> Brief
Starting at the line with "Numeración arábiga esmaltado" and ending at the line with "There is also", print exactly the lines of the entries below. Pictures do not belong in the copy.

══ Supplied records

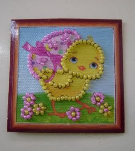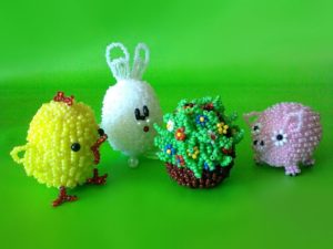 Вироби з бісеру, зроблені своїми руками на Великдень, також є дуже красивими, але так як не всі діти початкових класів вміють плести бісером, то слід вибирати найпростіші варіанти виробів, наприклад, обклеювання основи.
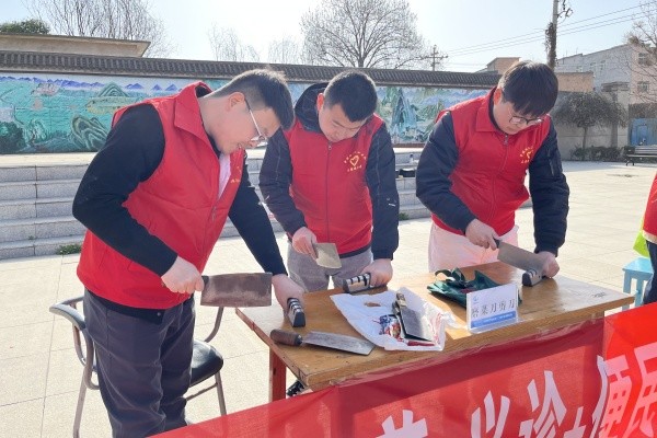 磨刀服务区前,每位居民群众挎着一布兜的刀具有序排起了长队。团员青年志愿者精心打磨,手法娴熟,动作沉稳,原本钝旧的菜刀剪刀便焕然一新,变得锋利无比。群众们看着重新焕发生机的刀具,对志愿者的技艺赞不绝口。一块磨刀石,磨利的不只是刀具,更是大家生活的便利。
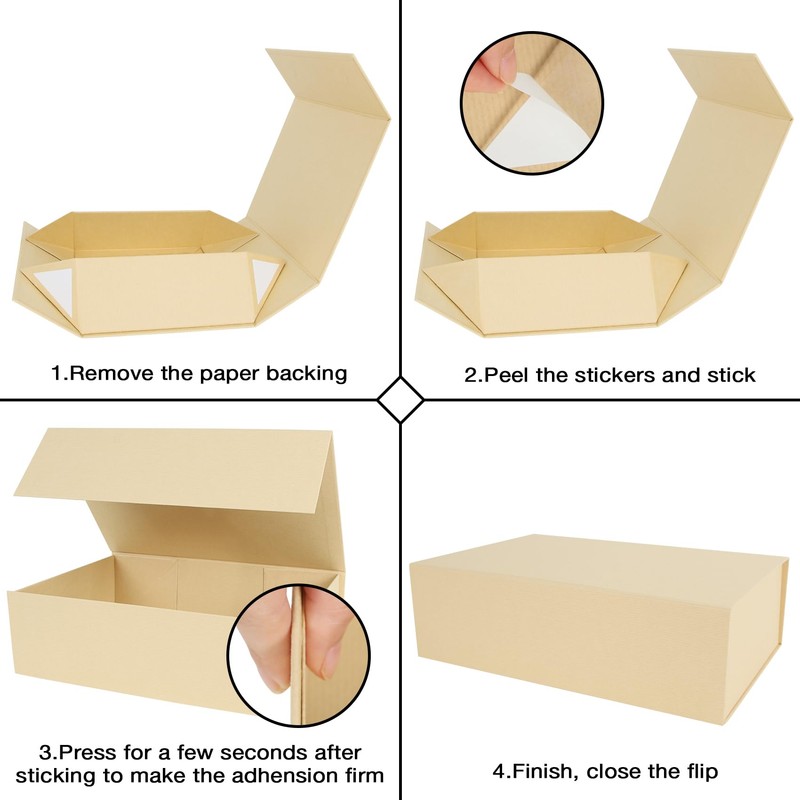 - Valuable 5 Pack Brown Gift Boxes - boxes are shipped flat; large brown collapsible gift box with magnetic closure, assembled box outside dimensions 13.8 x 9 x 4.3 inch, inside dimension 12.5 x 8.66 x 4.13 inch.
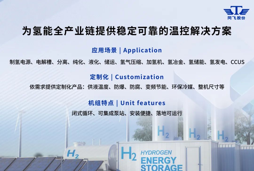 氢能,作为未来能源转型的关键力量,其产业链涵盖制氢、储运、应用等多个复杂环节。从制氢电源的高效转化,到电解槽的精准电解,再到氢气的分离、纯化、液化,以及储运、氢气压缩、加氢机的稳定运行,每一环节都对温度控制有着严苛要求。而同飞股份,凭借深厚的技术积累与创新实力,为氢能全产业链量身打造了一系列稳定可靠的温控解决方案。
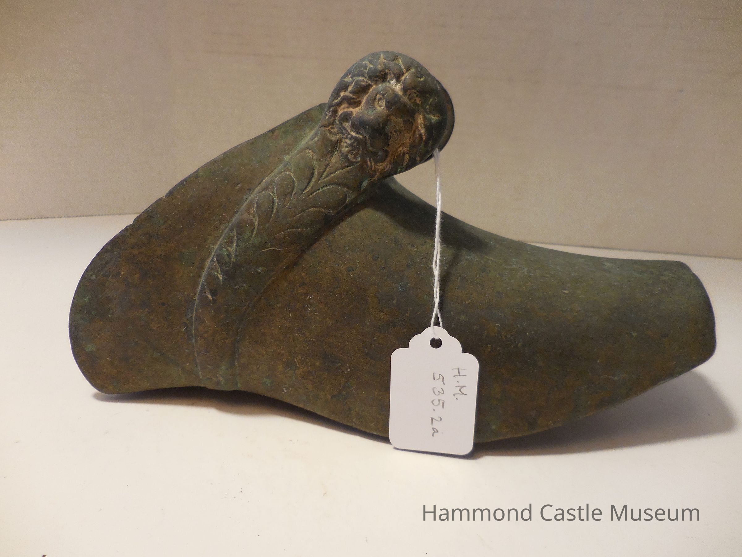 Left foot of a pair of iron front foot stirrups. Iron, highly encrusted. From Isabella, Santo Domingo, and brought over on Columbus' 2nd expedition Purchased during Hammond's Caribbean travels
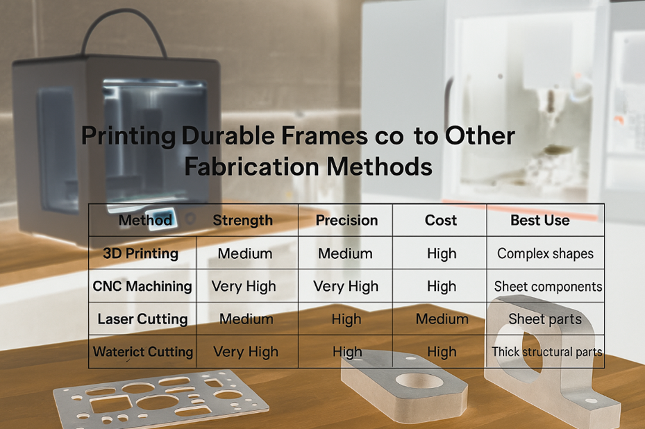 3D printing competes with machining, laser cutting, and waterjet cutting. Machining offers metal strength and tighter tolerances. Laser cutting handles sheet materials quickly. Waterjet cutting is well-suited to thick, strong materials. Each method serves a different structural role.
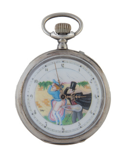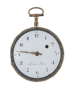 Numeración arábiga esmaltado en negro. Esfera segundero a las seis.
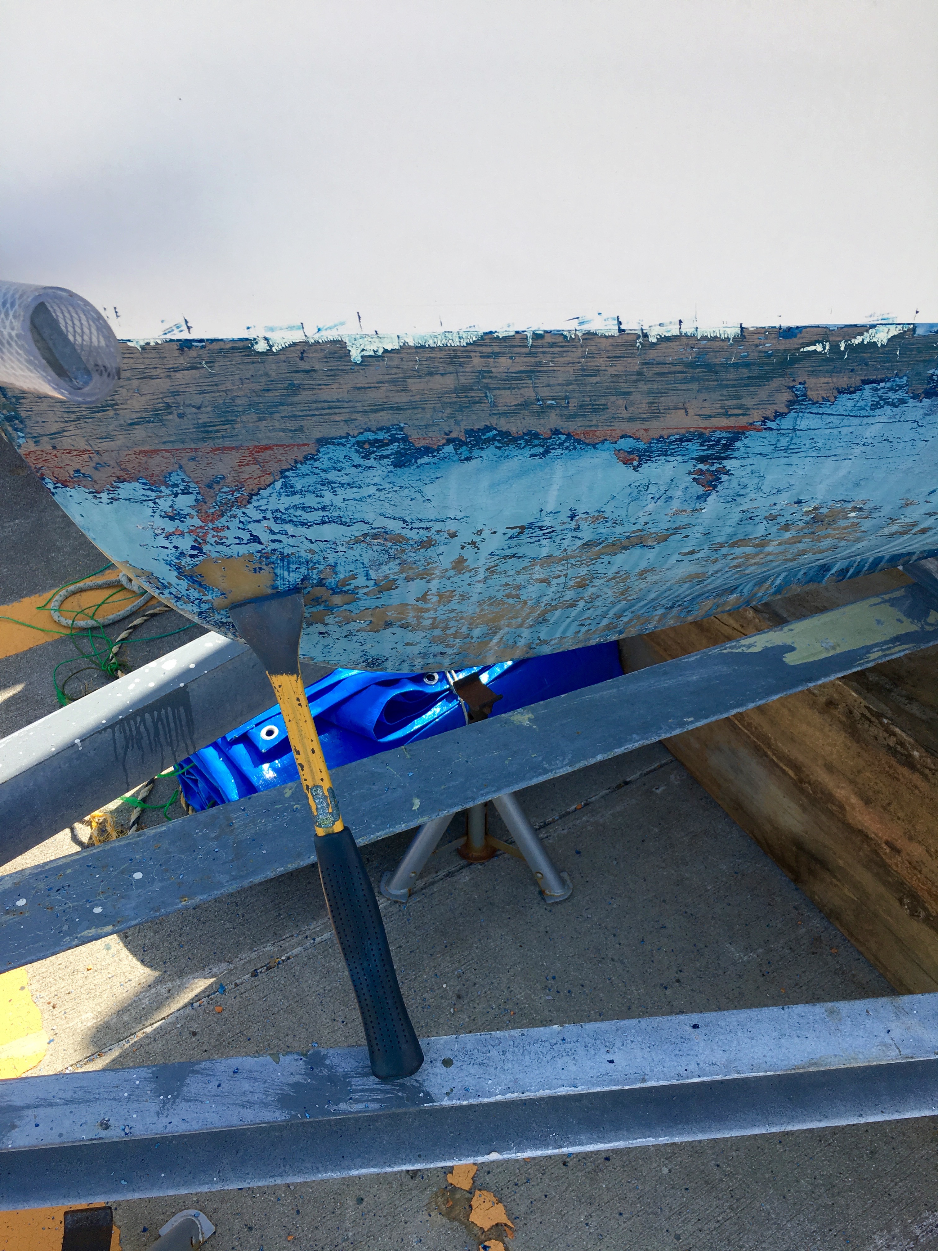 It smashes off all the residual sealant in no time at all. I then ask him about removing the old antifouling paint. Again he says use the scraper.
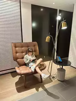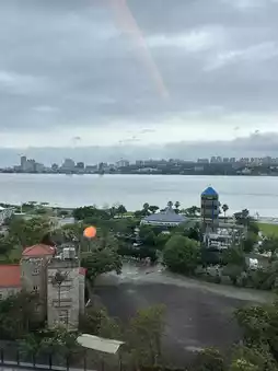 There is also a large window view, looking at the sparkling water of Tamsui River.
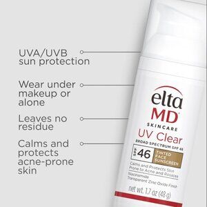 "EltaMD UV Clear Broad Spectrum SPF 46 is a lightweight sunscreen with a sheer tint to help even skin tone. Formulated with high-purity niacinamide (vitamin B3) to help reduce the appearance of blemishes and discoloration on your skin for a more smooth appearance. This broad spectrum sunscreen contains micronized zinc oxide to protect your skin from damaging UVA (aging) and UVB (burning) rays.
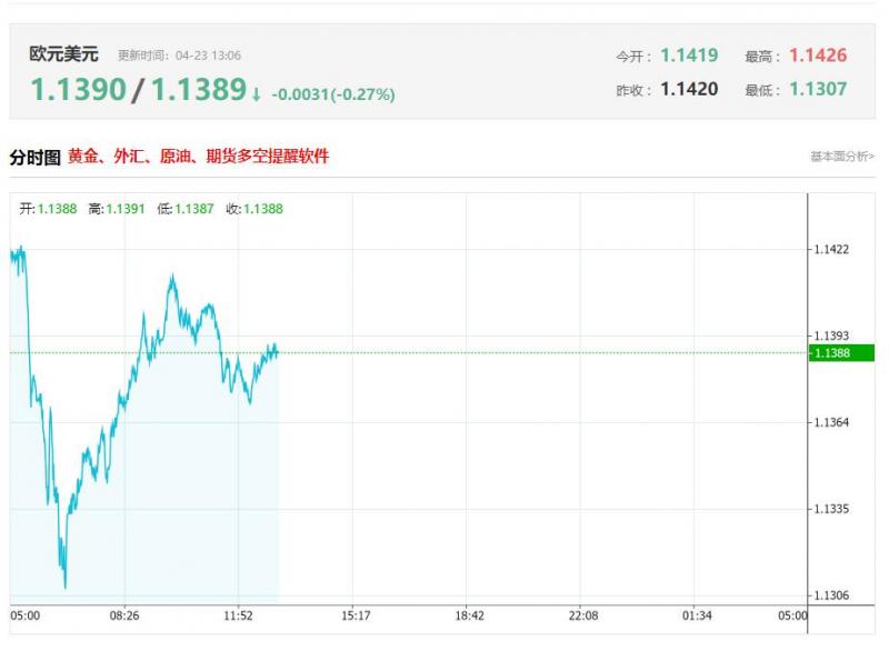 截至目前,欧元/美元下跌0.27%,报1.1389。

════

> Written solution
 Numeración arábiga esmaltado en negro. Esfera segundero a las seis.
 It smashes off all the residual sealant in no time at all. I then ask him about removing the old antifouling paint. Again he says use the scraper.
 There is also a large window view, looking at the sparkling water of Tamsui River.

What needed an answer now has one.